- Born: August 7, 1858 Monroe County, Tennessee, U.S.
- Died: September 17, 1923 (aged 65) Knoxville, Tennessee, U.S.

= Samuel G. Heiskell =

American politician (1858–1923)

Samuel Gordon Heiskell (August 7, 1858 – September 17, 1923) was an American lawyer, politician, and writer. He is best known for having been the mayor of Knoxville, Tennessee several times, and for having written about Andrew Jackson and the history of Tennessee.

== Biography ==
Heiskell was born on an East Tennessee farm and educated at the Universities of Tennessee and Virginia, working first as a lawyer In Alabama. He was elected mayor of Knoxville, Tennessee, United States for five terms, in office during the years 1896–98, 1900–02, 1906–08, 1910–15. He ran twice in Tennessee's 2nd congressional district as a Democrat but lost both elections. Heiskell was perceived as a progressive of the New South, who established "a public library, fought to keep liquor legal, banned spanking in city schools and used fines and nuisance laws to corral the city's prostitutes into the red-light district along Central Avenue and keep them out of 'respectable' neighborhoods.
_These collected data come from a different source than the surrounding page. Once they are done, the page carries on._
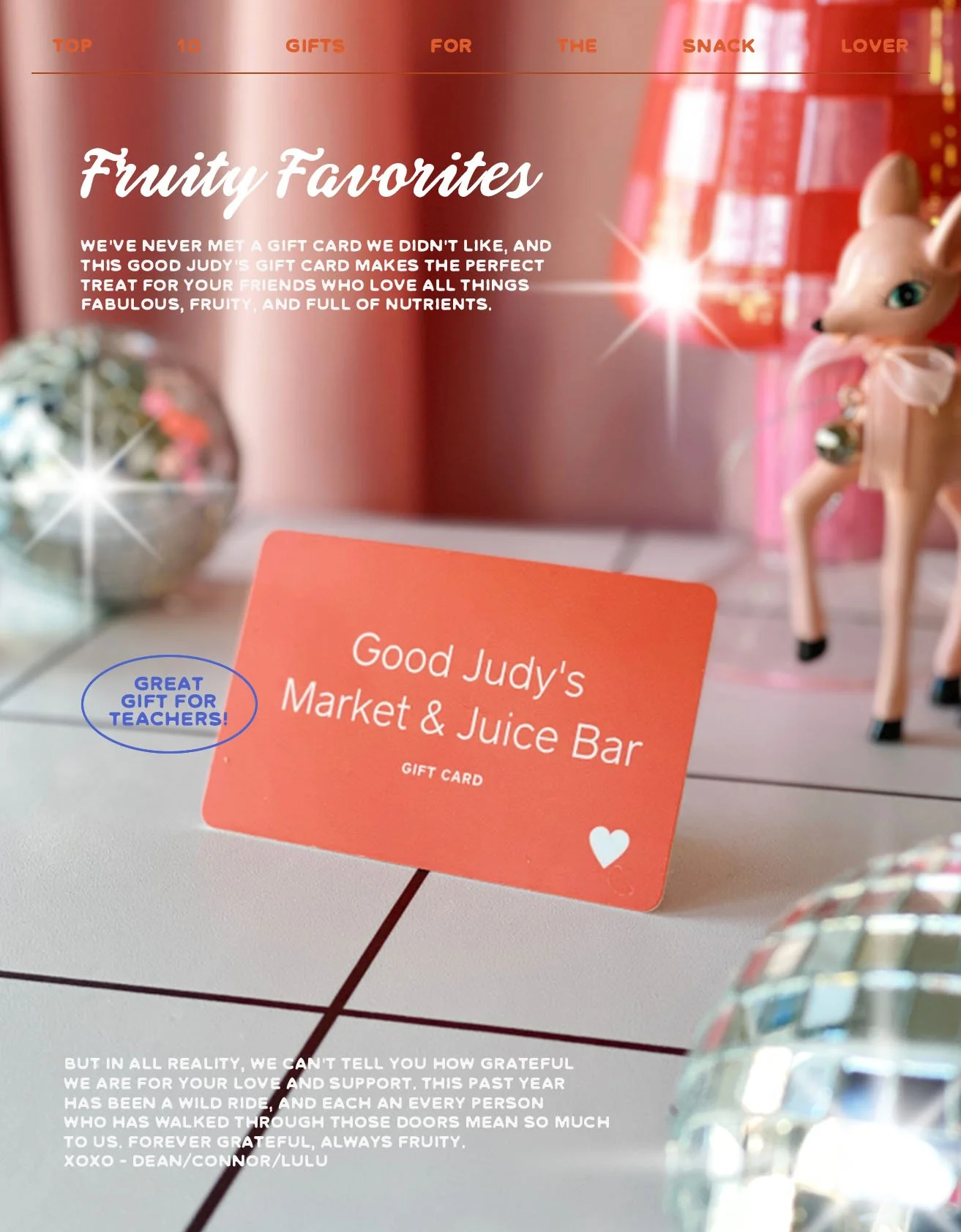 Ditch the gift-guessing game and head to our store for the classic, tangible joy of picking out a physical gift card. It's like handing over a little slice of happiness! You can also send Good Judys
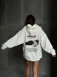 Оверсайз худи с принтом с начесом Y2K BMW girl
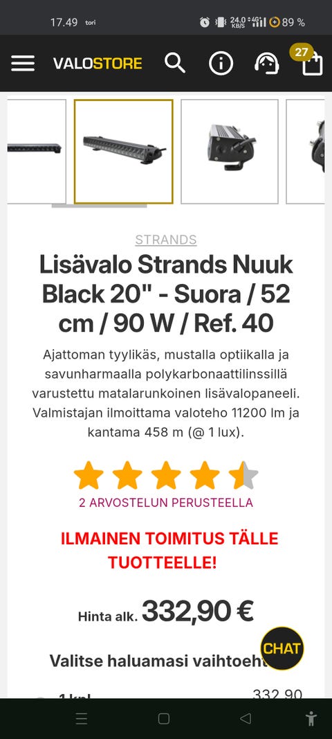 60 €purelux 56cm suora Lisävalo johtosarjalla ja rekisterikilpikiinnikkeelläIisalmi, Iisalmi Keskus Pohjoinen, Pohjois-Savo8 tLisää suosikiksi.

The mayor endorsed racial segregation but championed educational improvements for black and white students alike." Heiskell supported the establishment of several segregated social service programs for African-Americans in Knox County including a mental hospital, library, elementary schools, and a YMCA. In later life S. G. Heiskell wrote a biography of Andrew Jackson, his uncle Frederick S. Heiskell—having been founding editor of the Knoxville Register in 1816—was a longtime correspondent of Jackson.